Governor of Crown Colony of British Columbia
- In office 1864–1866
- Preceded by: James Douglas
- Succeeded by: position abolished

Governor of the United Colonies of Vancouver Island and British Columbia
- In office 1866–1869
- Succeeded by: Anthony Musgrave

Personal details
- Born: 6 September 1820 Belfast, Ireland
- Died: 10 June 1869 (aged 48) British Columbia
- Spouse(s): Florence Maria Stapleton (1832–1902), who was the daughter of The Hon. Reverend Sir Francis Stapleton.
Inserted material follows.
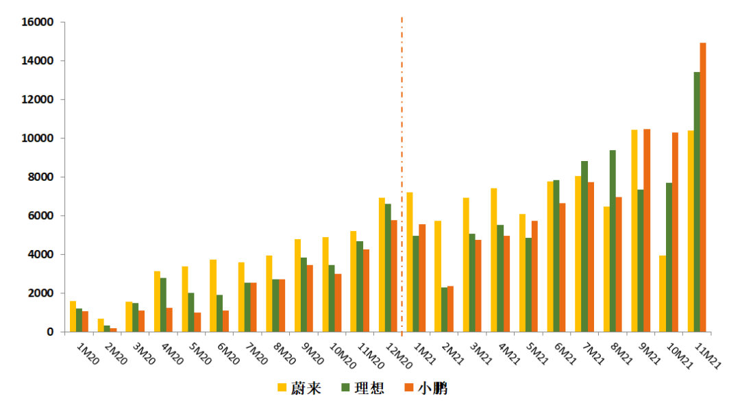 图1:2020年-2021年11月“蔚小理”的交付量(辆),资料来源:乘联会,公司公告

Married 27 January 1866.
- Occupation: British colonial governor

= Frederick Seymour =

Canadian politician

Frederick Seymour (6 September 1820 – 10 June 1869) was a British colonial governor who was an illegitimate grandson of Francis Seymour-Conway, 2nd Marquess of Hertford. He was appointed to the Colonial Office by Prince Albert.
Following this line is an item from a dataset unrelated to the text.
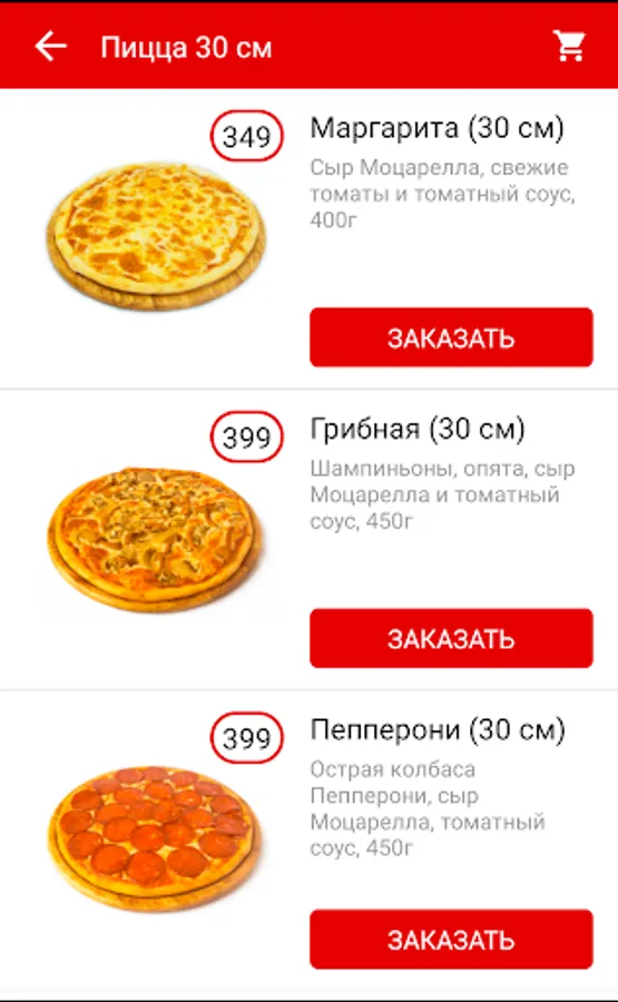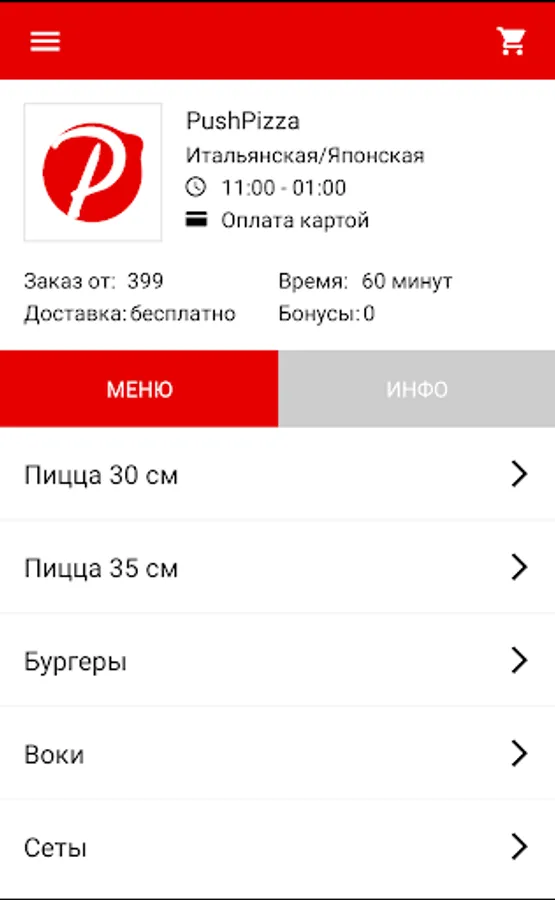 The app for easy ordering food delivery service in PushPizza.

He served as Lieutenant-Governor of Honduras, and as Governor of the Colony of British Columbia, including after its union with the colony of Vancouver Island.

==Family==
Frederick Seymour was born on 6 September 1820 to Henry Augustus Seymour and Margaret Williams, in Belfast, Northern Ireland. He was the fourth son of Henry Augustus and Margaret.

His father Henry Augustus Seymour, who was the illegitimate son of Francis Seymour-Conway, 2nd Marquess of Hertford, received his education at Harrow School, Pembroke College, Cambridge, and the Inns of Court. Henry was given family property in Ireland, a secure private income, and an office in the customs-service. However, his privilege ended with the succession of the 3rd Marquis of Hertford in 1822, after which he took his family to reside in Brussels, Belgium.

Frederick's eldest brother, Francis (later General Sir Francis Seymour, 1st Baronet), had a successful military career and, as a consequence of his friendship with Prince Albert, resided at Kensington Place until his death.

==Entry into Colonial Office==
Frederick Seymour was two years old when his father lost his fortune, and he did not receive a privileged education nor an inheritance, unlike his older siblings. In 1842, as a consequence of Prince Albert's intervention, he obtained a junior appointment in the Colonial Service. He was given the title of Assistant Colonial Secretary of Van Diemen's Land (present day Tasmania). The colonies Seymour worked in were "all in a traditional stage of development and which were all torn by political strife and encumbered with serious economic problems." Seymour worked as the Assistant Colonial Secretary of Van Diemen's Land until his position was dissolved.

In 1848, he was appointed Special Magistrate at Antigua in the Leeward Islands, as which he disputed with sugar-planters over trade policies. He became President of Nevis in 1853, where he supported free trade despite opposition from the local leading families. As a reward for his good service, he was promoted to Superintendent of British Honduras (present day Belize) in 1857, and later to Lieutenant-Governor of the Bay Islands, and later to Lieutenant-Governor of Honduras.

==Governor of British Columbia (1864 - 1866)==
In 1863, Seymour spent some time in England, and on his return to Belize he received a letter from the Duke of Newcastle, then Colonial Secretary, that offered him promotion to the governorship of British Columbia, where he was promised a personal residence and a yearly salary of £3,000, both at the expense of the colony.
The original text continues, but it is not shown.